- _TASK OBJECTIVE_
Below are the entries. Print only the lines starting at the one with "Visit Proof |" and ending at the one with "奥克伍德 澳洲进口皮革清洁护理五件套礼盒OP-358", exactly, with no pictures.

- _RECORDS SUPPLIED_
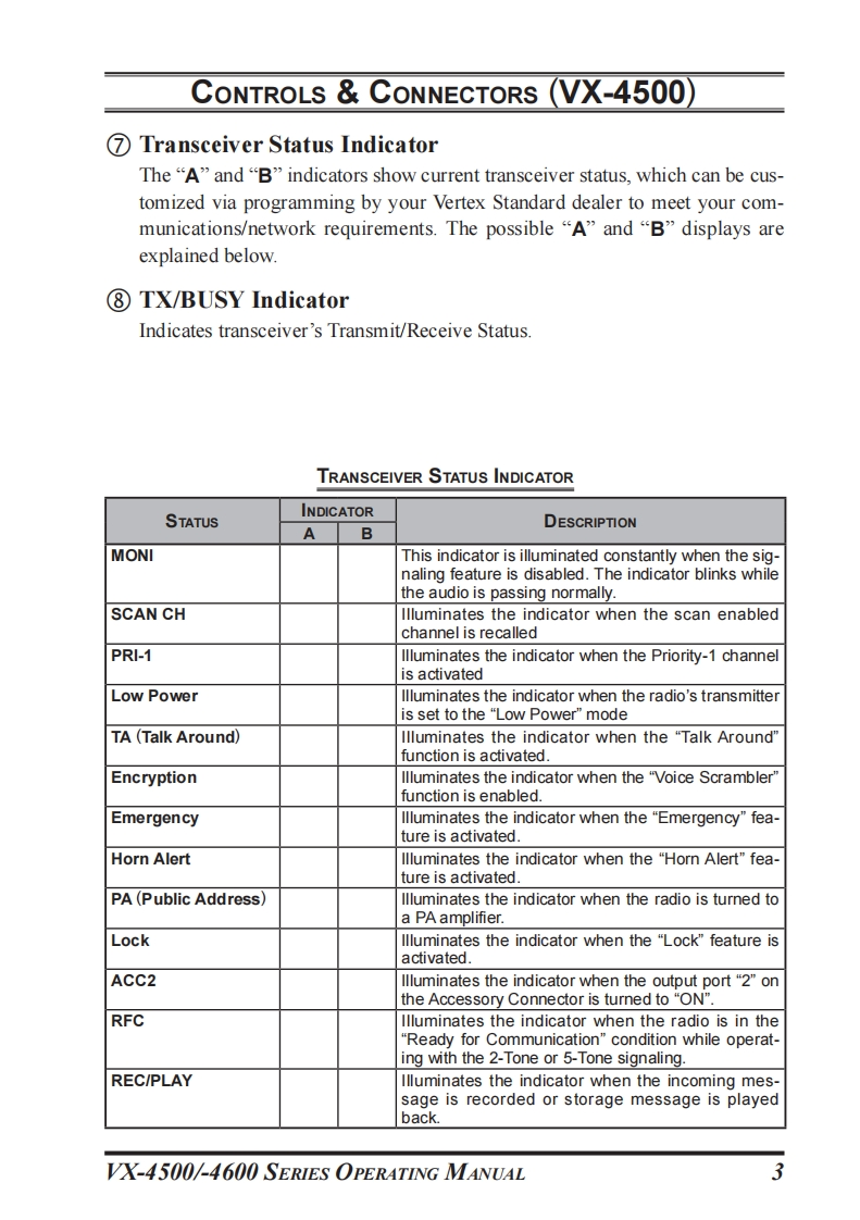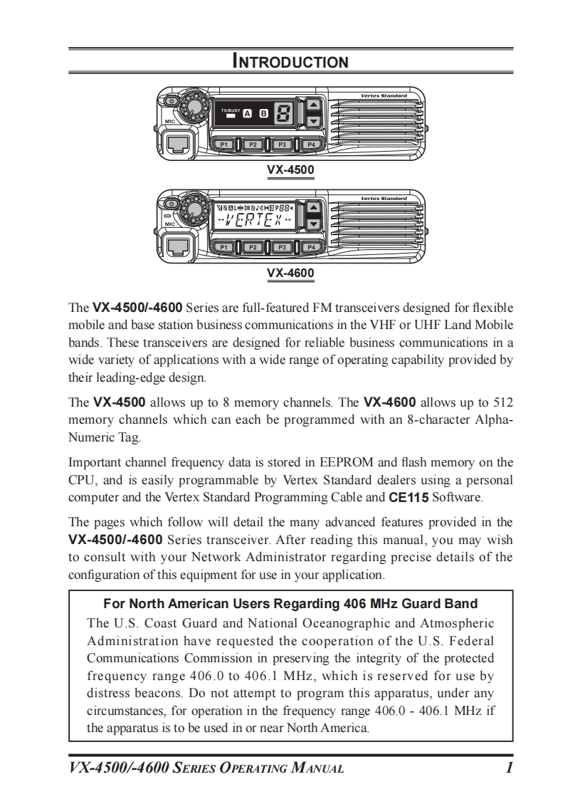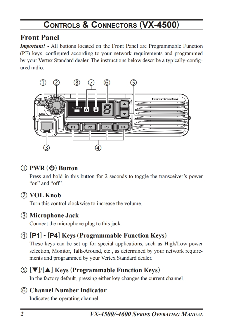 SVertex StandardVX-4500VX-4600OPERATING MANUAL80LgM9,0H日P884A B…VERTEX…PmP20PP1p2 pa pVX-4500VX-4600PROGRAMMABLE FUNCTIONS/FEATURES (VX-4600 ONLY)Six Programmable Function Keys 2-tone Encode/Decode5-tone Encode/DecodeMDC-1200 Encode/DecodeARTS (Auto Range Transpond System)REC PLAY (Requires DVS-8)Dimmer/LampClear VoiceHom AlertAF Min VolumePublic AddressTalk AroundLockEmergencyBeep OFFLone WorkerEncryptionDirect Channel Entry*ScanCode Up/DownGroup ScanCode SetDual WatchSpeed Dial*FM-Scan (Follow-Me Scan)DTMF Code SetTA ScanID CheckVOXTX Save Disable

==

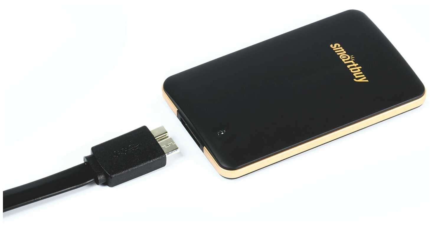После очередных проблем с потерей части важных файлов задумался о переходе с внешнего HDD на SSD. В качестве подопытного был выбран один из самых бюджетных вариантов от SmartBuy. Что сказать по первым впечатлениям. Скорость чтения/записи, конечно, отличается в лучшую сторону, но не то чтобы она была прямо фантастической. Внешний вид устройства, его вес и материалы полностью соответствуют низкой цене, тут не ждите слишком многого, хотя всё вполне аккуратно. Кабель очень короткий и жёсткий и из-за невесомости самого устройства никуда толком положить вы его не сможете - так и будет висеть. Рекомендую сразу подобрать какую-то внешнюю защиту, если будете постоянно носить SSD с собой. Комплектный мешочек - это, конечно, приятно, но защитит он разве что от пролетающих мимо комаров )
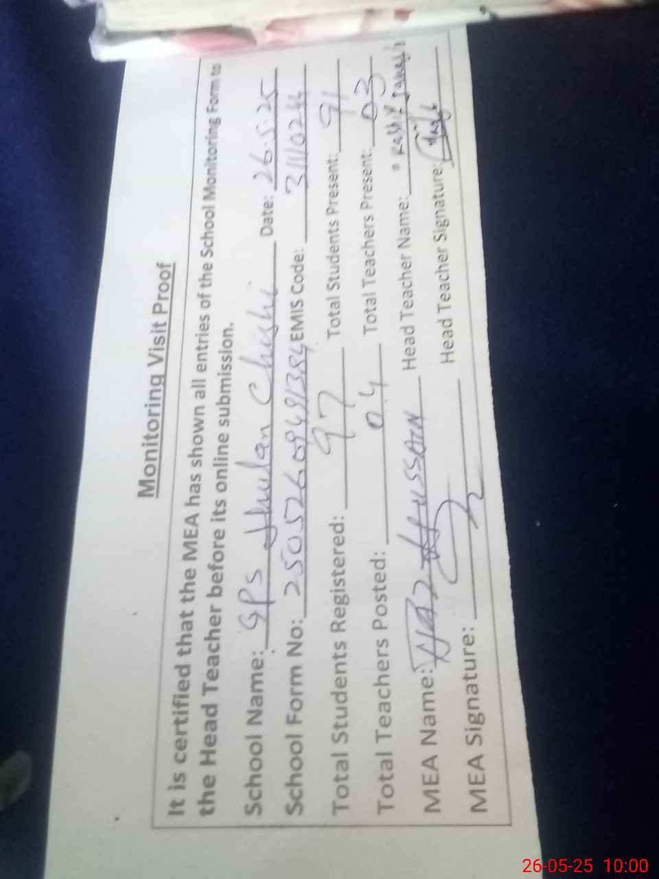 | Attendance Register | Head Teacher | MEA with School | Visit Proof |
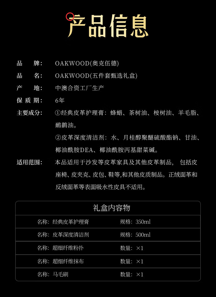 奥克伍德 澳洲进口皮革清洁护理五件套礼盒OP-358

==

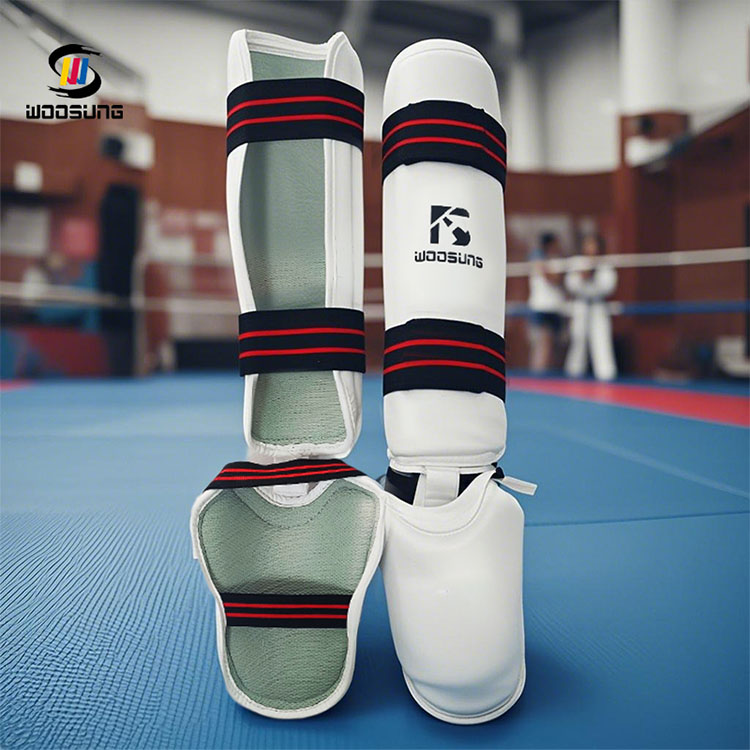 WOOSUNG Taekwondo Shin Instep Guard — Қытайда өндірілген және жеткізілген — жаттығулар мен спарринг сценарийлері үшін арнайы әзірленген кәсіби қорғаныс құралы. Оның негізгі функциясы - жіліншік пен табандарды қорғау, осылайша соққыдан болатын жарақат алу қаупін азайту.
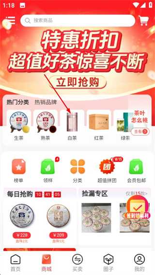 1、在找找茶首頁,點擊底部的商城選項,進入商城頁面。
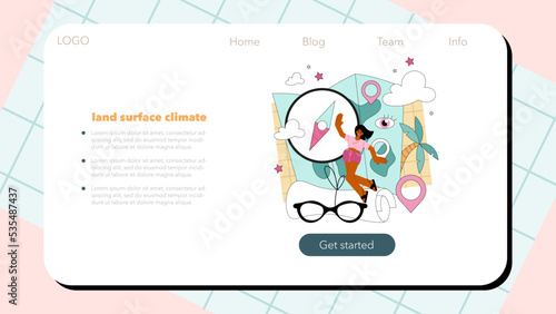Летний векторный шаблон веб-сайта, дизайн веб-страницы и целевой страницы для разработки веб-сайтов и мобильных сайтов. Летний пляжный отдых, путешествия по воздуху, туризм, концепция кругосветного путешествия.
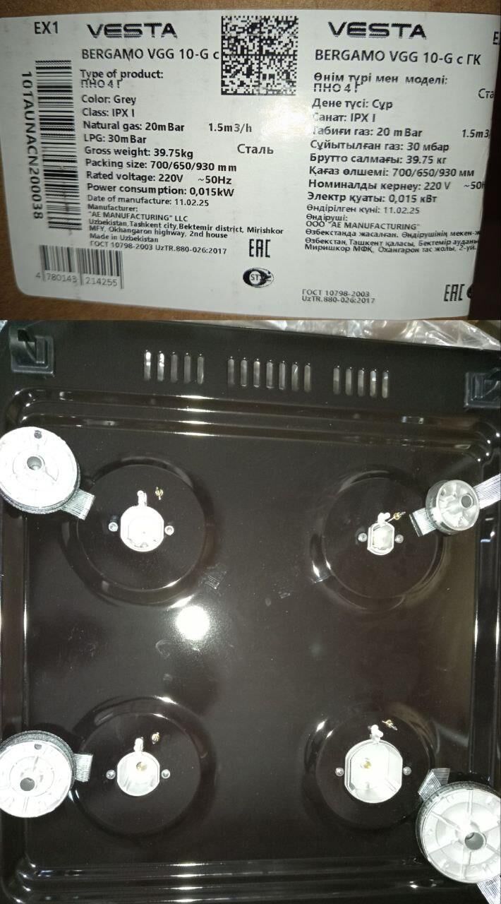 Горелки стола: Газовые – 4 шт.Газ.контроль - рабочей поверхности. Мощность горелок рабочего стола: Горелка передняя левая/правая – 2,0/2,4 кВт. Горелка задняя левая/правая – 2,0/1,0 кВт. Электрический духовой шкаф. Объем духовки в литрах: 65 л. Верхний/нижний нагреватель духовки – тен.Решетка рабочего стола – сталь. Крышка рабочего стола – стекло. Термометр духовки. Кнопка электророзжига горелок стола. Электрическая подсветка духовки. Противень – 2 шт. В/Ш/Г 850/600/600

- _OUTPUT BELOW_
 | Attendance Register | Head Teacher | MEA with School | Visit Proof |
 奥克伍德 澳洲进口皮革清洁护理五件套礼盒OP-358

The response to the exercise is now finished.